Basic plotting for distribution analysis is relatively straight forward in base R.
You can plot a basic histogram with hist()
hist(data_gapminder$gdpPercap)
And you can increase the ‘buckets’ with the breaks
argument
hist(data_gapminder$gdpPercap, breaks = 30)
A density plot can be generated with plot()
, but requires the extra step of computing the density of the data with the density()
function first
dens <- density(data_gapminder$lifeExp, na.rm = TRUE)
plot(dens)
boxplot()
allows you to facet one variable by another using a tilde ~
to define the relationship
boxplot(data_gapminder$lifeExp ~ data_gapminder$continent)
plot()
by default assumes a single variable as in the earlier example, but will generate a scatter plot if provided with two variables, the first assigned to the x-axis, the second to the y-axis.
plot(x = data_gapminder$gdpPercap, y = data_gapminder$lifeExp)
You can also transform you data within the function for quick investigation
# log transform gdp per capita
plot(x = log(data_gapminder$gdpPercap), y = data_gapminder$lifeExp)
Here are some examples for you to look at and challenge yourself, ensuring you now have a better understanding of today’s session!
Q1. You are given the following dataset of students’ grades:
df <- data.frame(
Name = c("John", "Alice", "Bob", "Alice", "Mary", "John"),
Math = c(85, NA, 79, NA, 93, 85),
Science = c(78, 88, 84, 88, NA, 78),
English = c(92, 90, 85, 90, 88, 92)
)
Part A. Identify the missing values and compute how many complete cases there are in this dataset.
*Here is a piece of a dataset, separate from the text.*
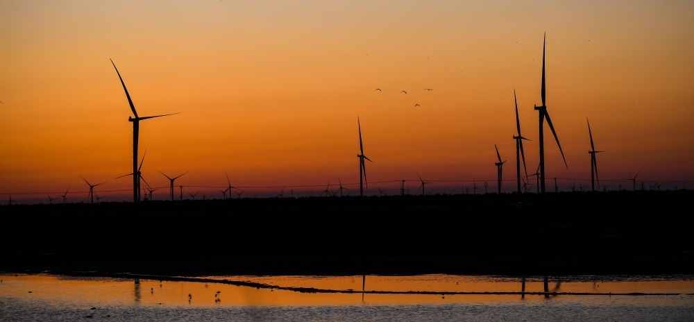落日時(shí)分拍攝的東臺(tái)沿海經(jīng)濟(jì)區(qū)風(fēng)力發(fā)電機(jī)組(無人機(jī)照片,8月31日攝)。

Part B. How many duplicate rows exist, and how would you remove them?
Part C. Once you’ve removed the duplicates, compute the mean Math score, handling the missing values properly.
Q2. You have a dataset of car attributes, with columns: Horsepower, Weight, and MPG (Miles per Gallon) [To access the dataset, you can use data(mtcars)
].
Part A. Calculate the summary statistics (mean, median, and standard deviation) for each variable.
Part B. Create a box plot to compare the distribution of Horsepower
and MPG
. What insights can you derive from the box plot?
Part C. Create a scatter plot between Weight
and MPG
. Explain whether there is any relationship between these two variables and interpret the plot.